DASCH Data are Now Queryable In VO Tools
2024 May 2
Earlier this week, Markus Demleitner let me know that he launched a project whose development we’ve been discussing for the past six months or so: DASCH data are now available in the Virtual Observatory!
If you’re familiar with DASCH’s legacy “Cannon” data services, you might be asking: “hasn’t DASCH had VO support for a while?” Yes, DASCH has had some limited support: basically, you could download certain data tables in the VOTable format as well as more basic plain-ASCII formats. If you manually navigate to the DASCH website, do a query, and set the right options, you can download a table in a VO format and then load it into a tool that recognizes that format, like TOPCAT.
You could call this “VO support” in a certain sense, but it’s a far cry from the vision that motivates the VO effort. In the current words of the IVOA About page, “The goal of the Virtual Observatory is to achieve the [feeling that astronomical data are] all available to explore in a single transparent system.” The 2001 US VO whitepaper, “Toward a National Virtual Observatory”, descibes a data access layer that “provides a uniform interface to all data and services within the NVO” (emphasis original).
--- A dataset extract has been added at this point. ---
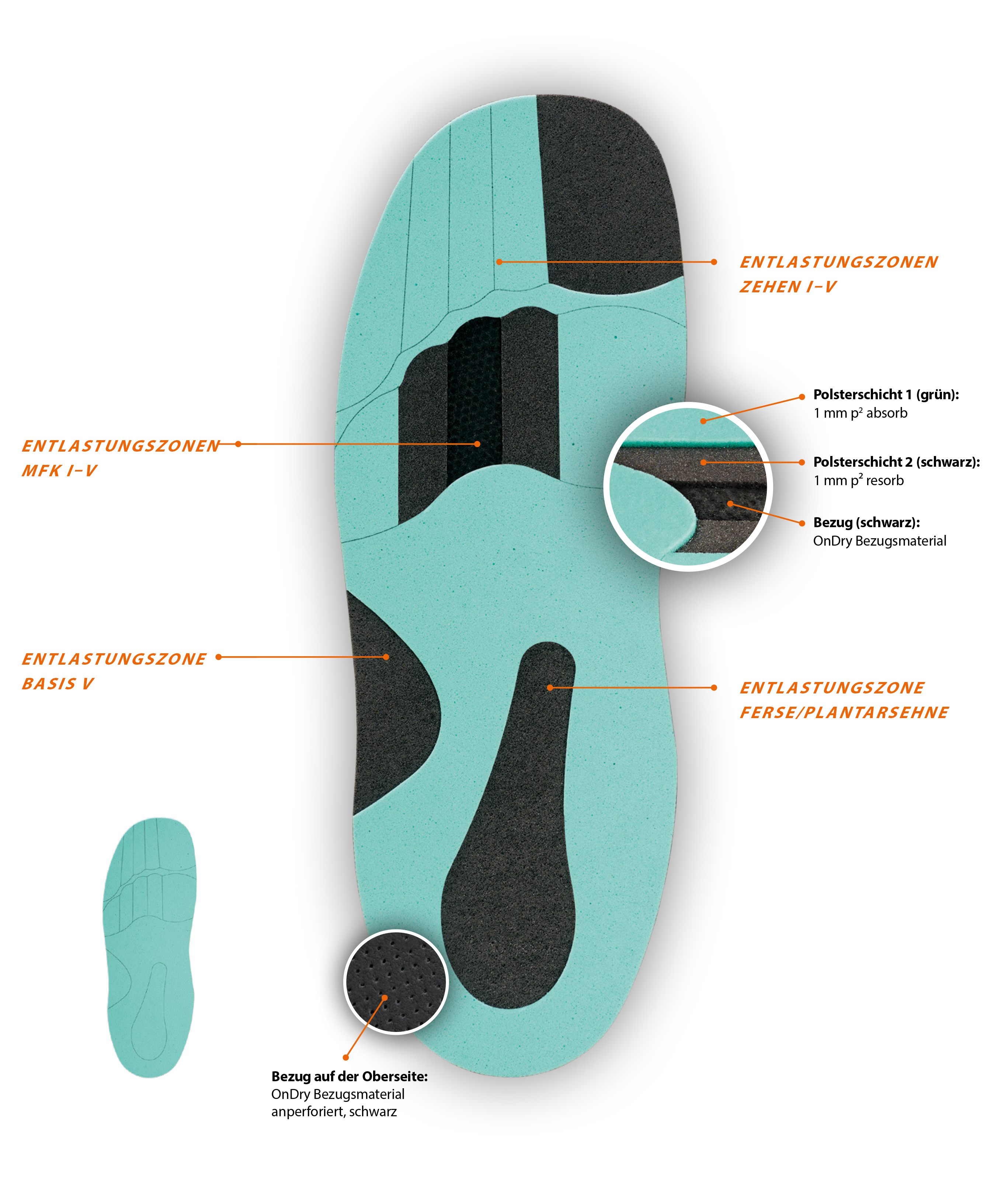 Erwärmen und herauslösenDie Polsterdecke besteht aus zwei PU-Schichten von je 1 mm Dicke und einem OnDry Bezugsmaterial. In der Polsterdecke sind die anatomischen Belastungszonen des Fußes vorgeschnitten. Durch Erwärmen lassen sich hier die einzelnen Materialschichten in den Zonen lösen. So können zur Druckentlastung 1 mm oder insgesamt 2 mm an den erforderlichen Stellen herausgelöst werden.

My read of the original VO documents is that the vision here was quite literal — there would be one VO portal where you would go to get “the data”, for any astronomical data in the world.
That hasn’t quite happened, but we do have an ecosystem of services and tools that use VO standards for data discovery, and DASCH has not been plugged into that ecosystem at all. Until now.
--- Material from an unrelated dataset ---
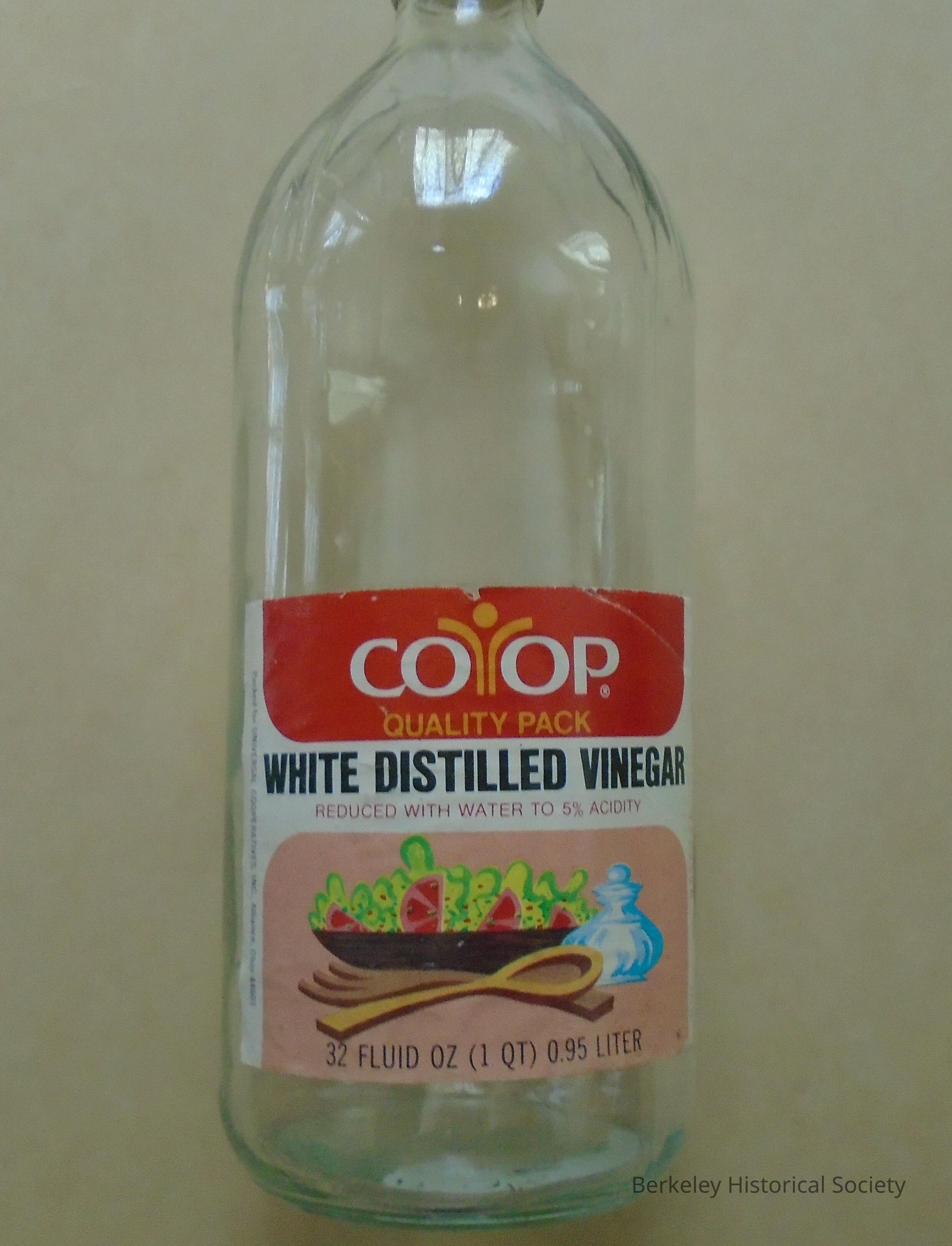 Co-op vinegar bottle, 1 quart, white distilled. Paper label with picture of a salad in misc. colors.

Markus has taken an export of the DASCH plate database and made it available as an ObsCore table, allowing the list of DASCH images to be queried using standard tools, and a SIAP2 service, providing a mechanism for people to actually download the images described in the ObsCore table. (That service in turn builds on the new StarGlass backend API.) His blog post on the GAVO site very nicely demonstrates how these building blocks can be integrated into existing VO tools to suddenly make DASCH data available and discoverable in ways that simply weren’t possible before.
I’m excited for this service to become available, and hopeful that it will help make DASCH data more widely available to astronomers. That being said, I also expect that we’ll continue developing non-VO data access APIs based on the StarGlass platform, and hopefully customized support in astroquery. In my experience, any non-trivial dataset always has facets that aren’t captured well by cross-cutting standards like ObsCore, and you find that power users of such a dataset virtually always benefit from a query interface that’s really specifically targeted at it. That’s especially true for DASCH, whose data are not only quite unusual, but also potentially interesting to people coming from all sorts of disciplines.
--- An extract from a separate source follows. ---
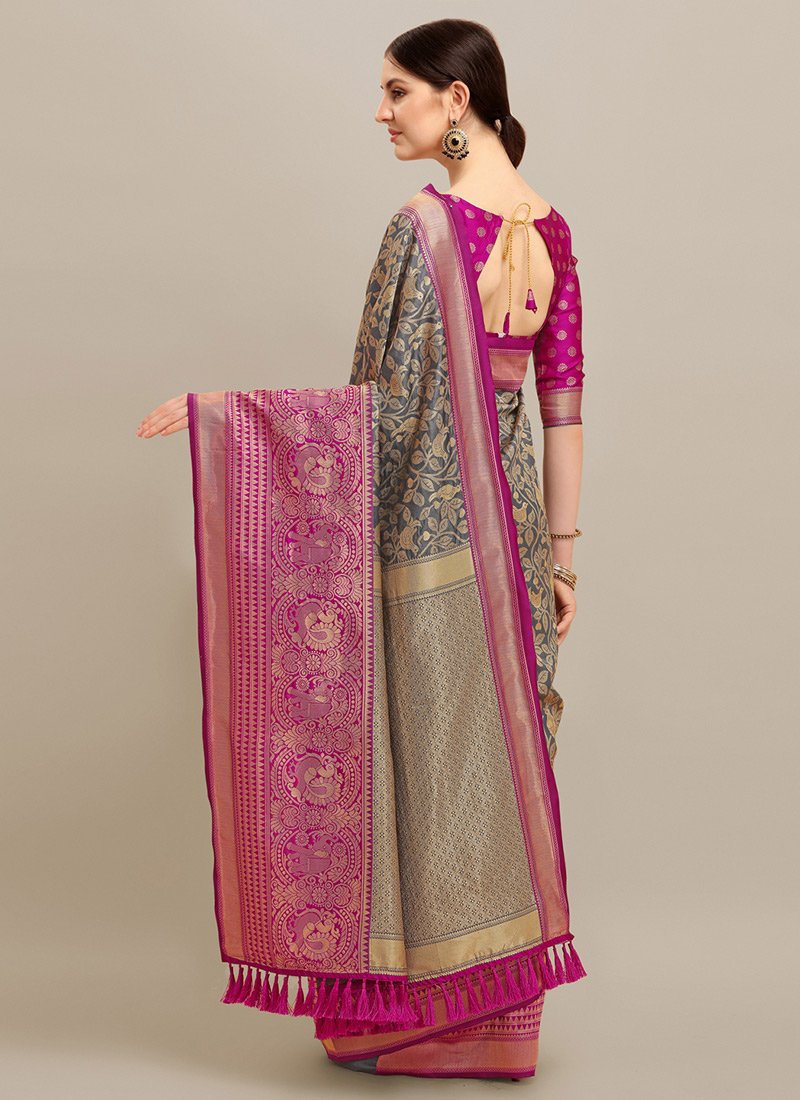 This beautiful Banarasi saree has a soft gray color with detailed gold zari floral and paisley designs. The bright pink border and pallu have traditional patterns and small tassels that add a royal touch. Made from fine silk fabric, this saree is great for weddings, festivals, and big celebrations. It mixes classic tradition with luxury, making you look elegant and graceful.

We’ve already seen a first example of how one-size-fits-all can fall down: Markus has gotten some complaints because Aladin positional searches for images started yielding numerous hits for DASCH “meteor” plates, which are shallow, low-resolution images covering absolutely huge areas of the sky — dozens of degrees on a side, if I recall correctly. Not only do such large images cause problems for the Aladin UI, which was probably designed for images more like arcminutes on a side, but they’re also unlikely to be useful scientifically for most users either. Some of these plates were made with “telescopes” that consisted of literally three-inch camera lenses, and they have horrible vignetting, in addition to their terrible depth, resolution, and cosmetic defects. It may be true that if you pick any point in the northern-hemisphere sky, you’ll find that hundreds of DASCH meteor plates overlap it; but there are probably only a handful of people in the world who will ever want to look at them. We’ll probably restrict the default DASCH VO database to only include the narrow-field plates, which are more likely to be useful.
I think this issue nicely demonstrates the kind of challenges that arise when you take on a mission like that of the VO. The meteor plates can be perfectly well-described in the ObsCore format, and the query results being returned by Aladin are presumably perfectly correct — but it turns out when someone says that they want to see “all available data”, they really mean “all available data, but, like, obviously not including that”. Note that while there are technical elements to this problem, it’s not purely technical — it’s got design elements and potentially political ones as well. (What if I angrily insisted to Markus that every DASCH plate should turn up in every image cone search that intersects it, even if that means swamping other results in hundreds of meteor plates?) And the more you optimize for the common “well obviously I didn’t want that” case, the more you run the risk of losing out on the serendipitous discovery that many people clearly hope that the VO will promote. It’s a tricky balancing act!